» Study material:
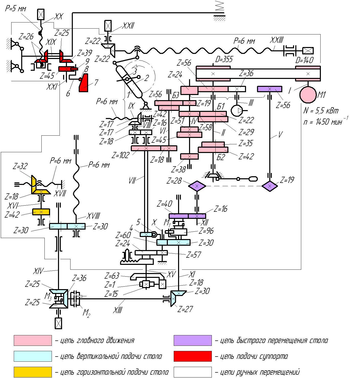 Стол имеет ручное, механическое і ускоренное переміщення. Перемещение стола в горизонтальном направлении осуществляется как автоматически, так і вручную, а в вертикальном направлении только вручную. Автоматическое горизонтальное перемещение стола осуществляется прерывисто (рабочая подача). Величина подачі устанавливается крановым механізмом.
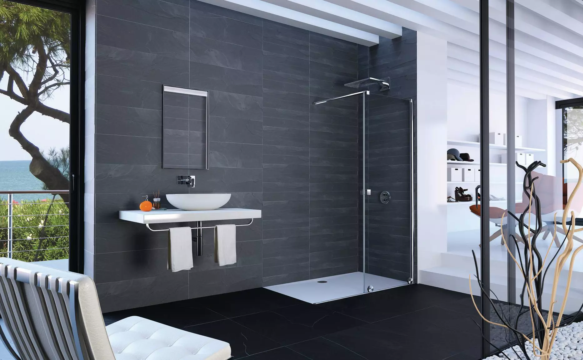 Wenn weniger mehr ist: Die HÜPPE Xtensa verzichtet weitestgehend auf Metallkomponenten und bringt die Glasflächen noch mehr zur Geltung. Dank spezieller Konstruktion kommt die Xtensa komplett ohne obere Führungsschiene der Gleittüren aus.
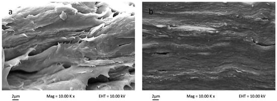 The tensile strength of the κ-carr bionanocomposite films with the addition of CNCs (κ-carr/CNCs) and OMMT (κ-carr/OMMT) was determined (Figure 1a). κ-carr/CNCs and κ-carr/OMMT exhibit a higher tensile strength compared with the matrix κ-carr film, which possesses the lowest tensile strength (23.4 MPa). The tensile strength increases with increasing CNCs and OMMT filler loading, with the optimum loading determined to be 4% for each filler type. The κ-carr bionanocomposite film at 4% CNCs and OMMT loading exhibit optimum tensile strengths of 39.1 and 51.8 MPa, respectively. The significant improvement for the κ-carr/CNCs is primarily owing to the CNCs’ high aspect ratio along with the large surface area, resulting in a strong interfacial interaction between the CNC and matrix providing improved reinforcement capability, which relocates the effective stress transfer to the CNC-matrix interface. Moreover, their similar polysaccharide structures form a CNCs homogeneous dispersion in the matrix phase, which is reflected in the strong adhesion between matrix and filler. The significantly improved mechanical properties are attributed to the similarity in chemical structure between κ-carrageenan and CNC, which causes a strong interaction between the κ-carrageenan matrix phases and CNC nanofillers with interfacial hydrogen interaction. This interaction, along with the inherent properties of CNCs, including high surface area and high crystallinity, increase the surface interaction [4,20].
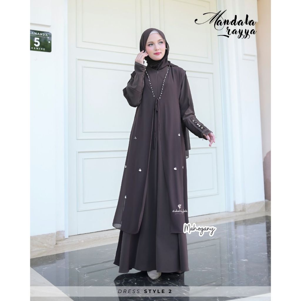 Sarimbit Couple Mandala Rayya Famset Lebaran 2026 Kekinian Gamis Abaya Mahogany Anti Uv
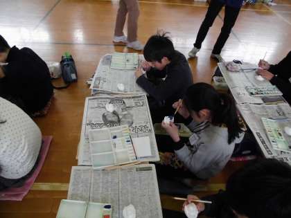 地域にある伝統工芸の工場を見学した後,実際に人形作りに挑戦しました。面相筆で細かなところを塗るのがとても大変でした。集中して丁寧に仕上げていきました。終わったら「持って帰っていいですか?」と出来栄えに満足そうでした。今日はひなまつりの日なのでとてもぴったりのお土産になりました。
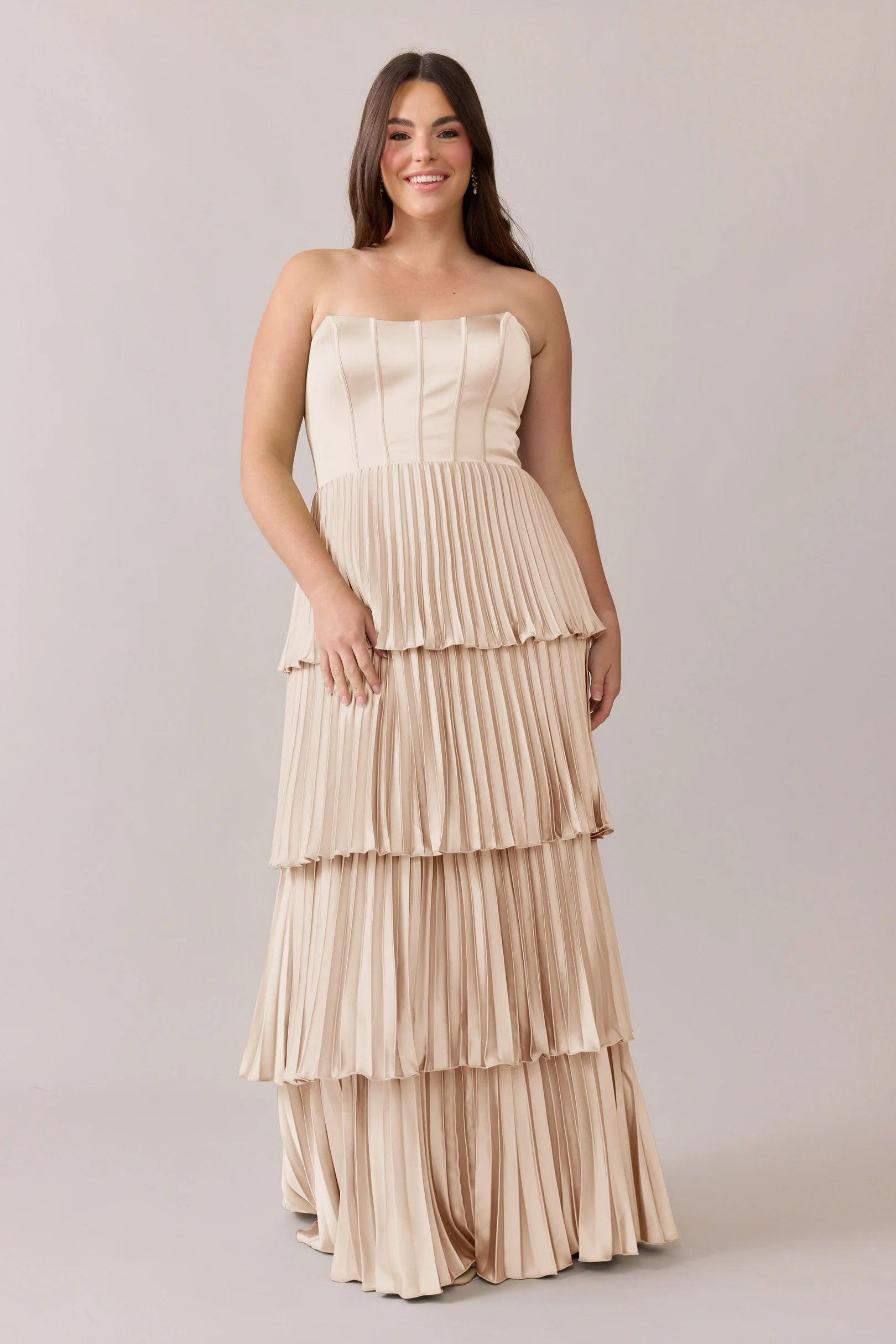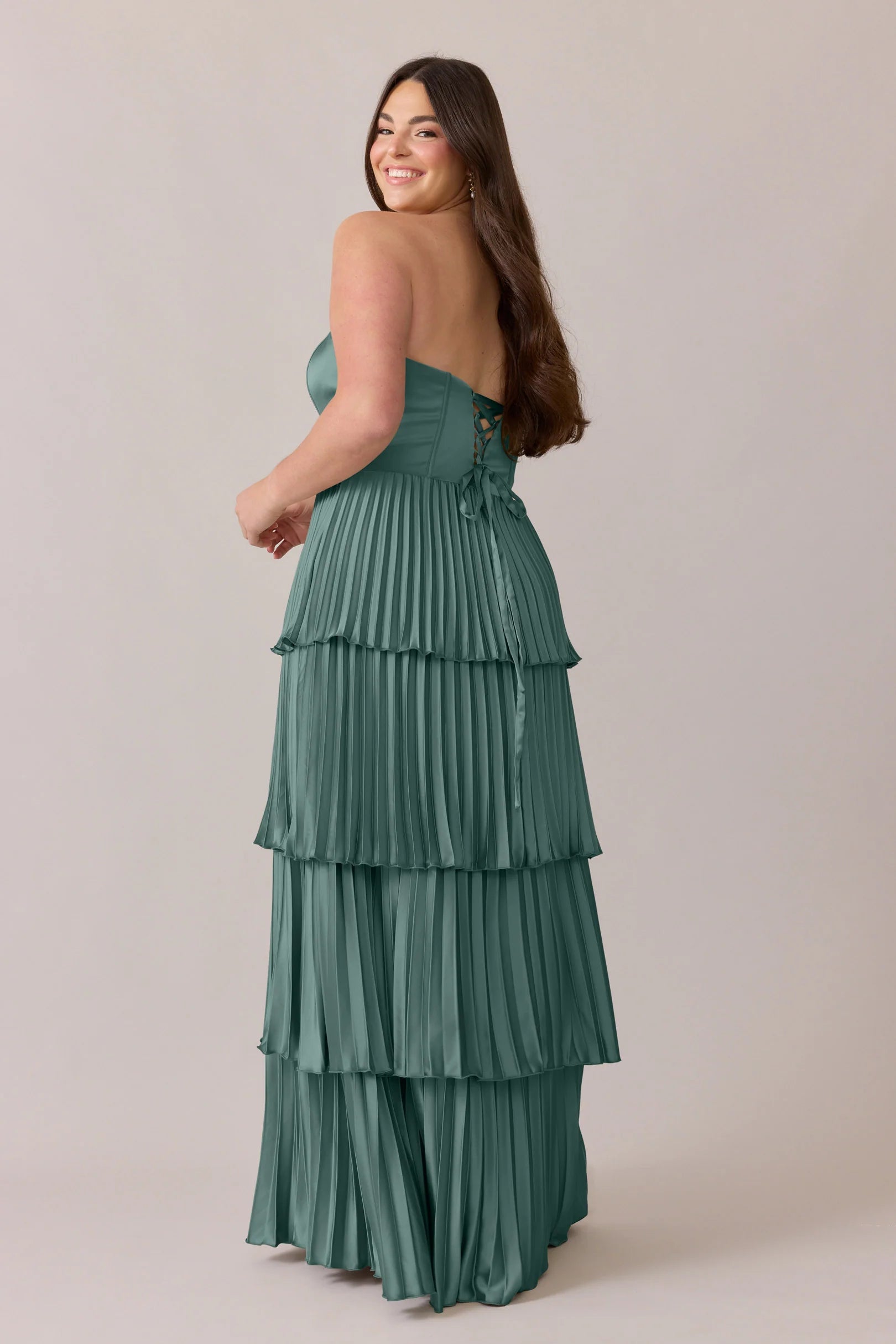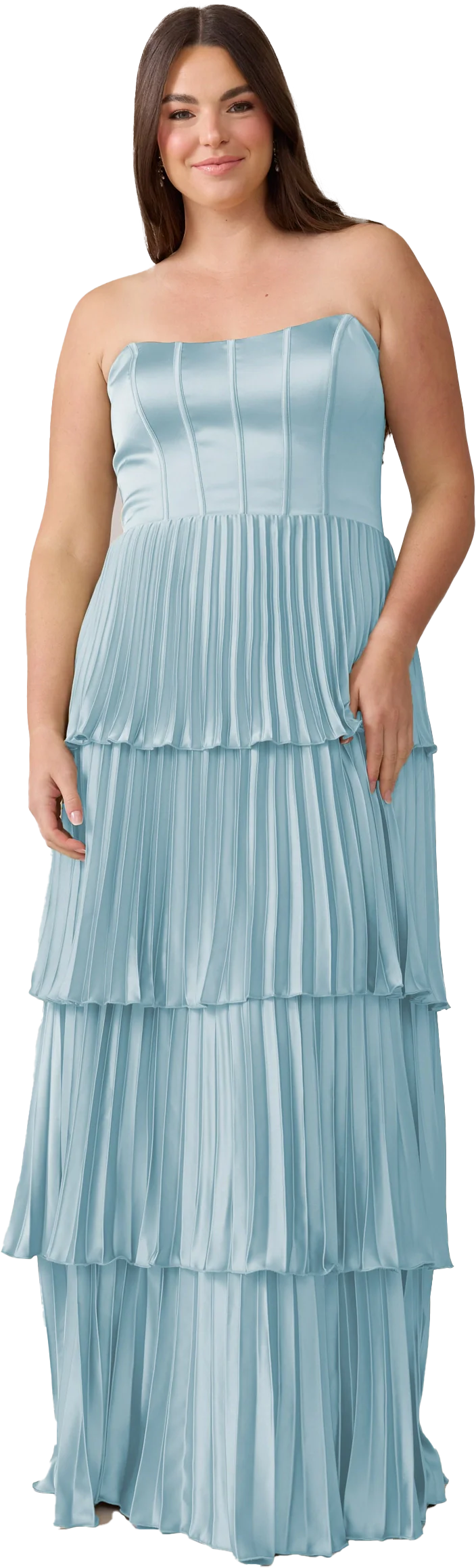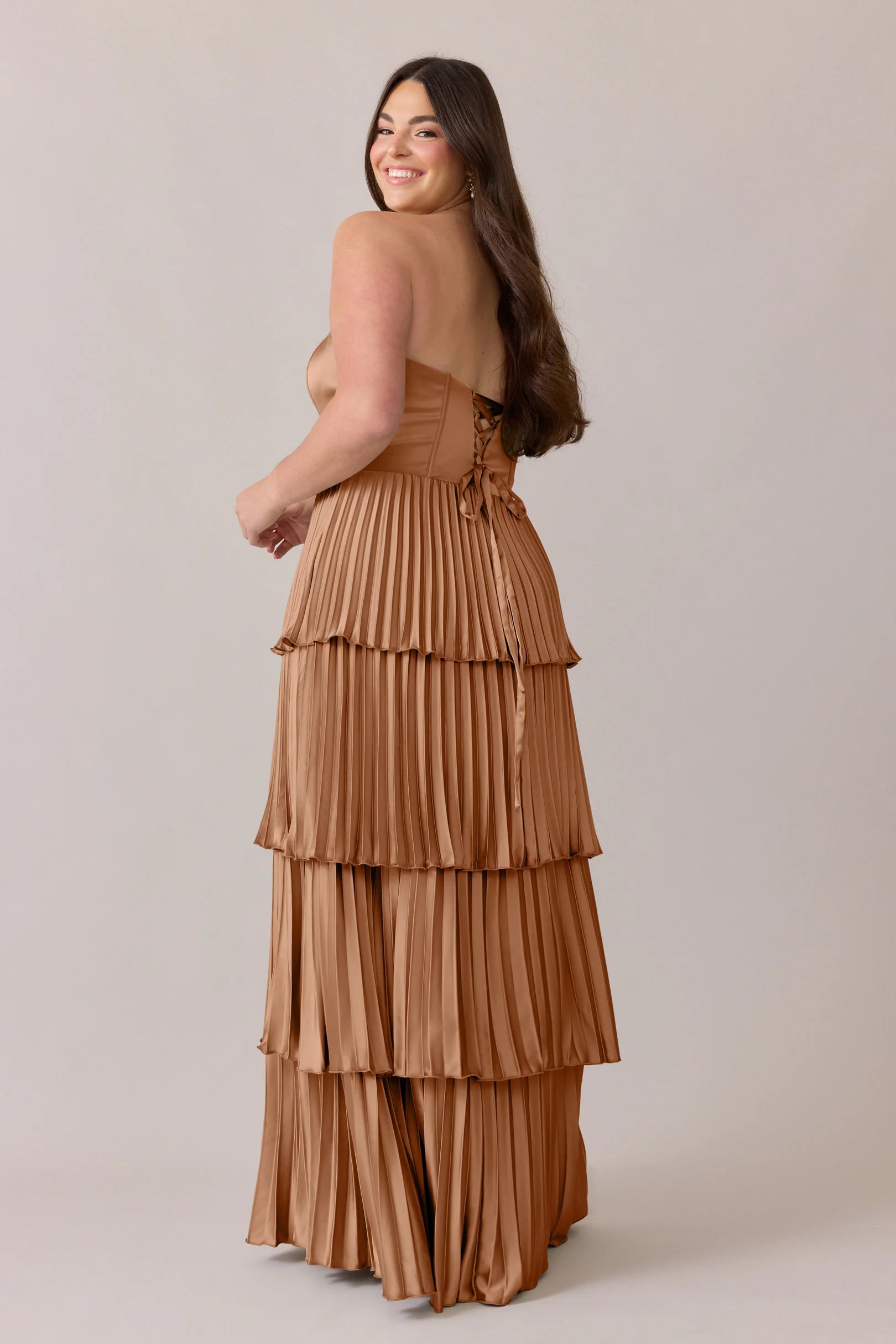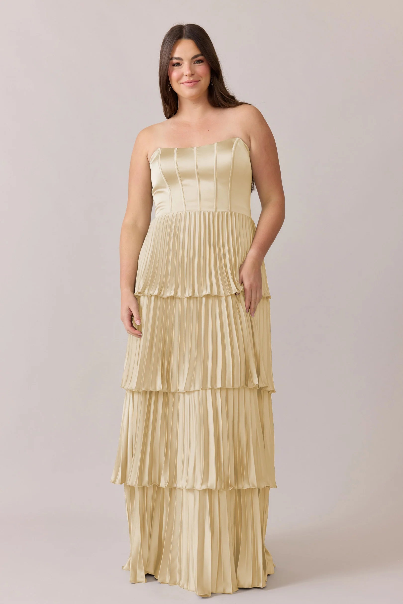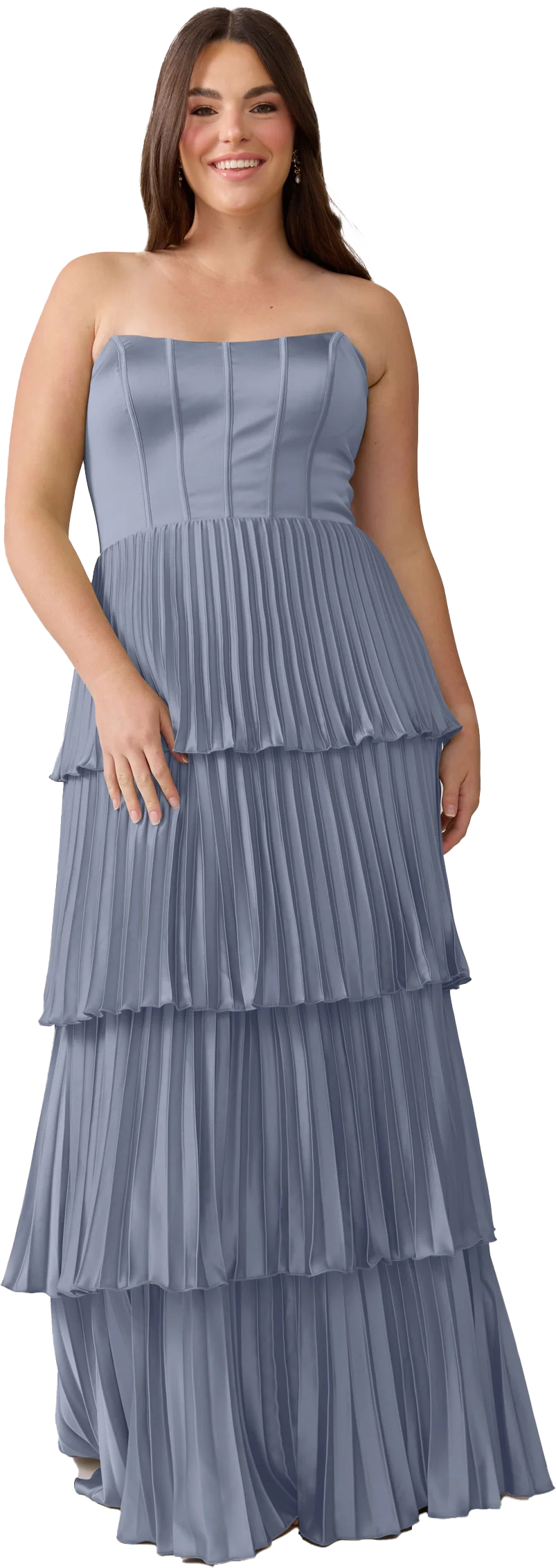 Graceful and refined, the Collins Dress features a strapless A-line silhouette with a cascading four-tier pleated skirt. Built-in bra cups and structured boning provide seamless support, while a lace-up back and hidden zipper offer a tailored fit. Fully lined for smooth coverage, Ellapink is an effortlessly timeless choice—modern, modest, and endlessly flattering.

» Work order: Each line from the start of the entries through the line with "Wenn weniger mehr" is to be restated exactly, and the pictures are to be skipped.

» Response to this task:
 Стол имеет ручное, механическое і ускоренное переміщення. Перемещение стола в горизонтальном направлении осуществляется как автоматически, так і вручную, а в вертикальном направлении только вручную. Автоматическое горизонтальное перемещение стола осуществляется прерывисто (рабочая подача). Величина подачі устанавливается крановым механізмом.
 Wenn weniger mehr ist: Die HÜPPE Xtensa verzichtet weitestgehend auf Metallkomponenten und bringt die Glasflächen noch mehr zur Geltung. Dank spezieller Konstruktion kommt die Xtensa komplett ohne obere Führungsschiene der Gleittüren aus.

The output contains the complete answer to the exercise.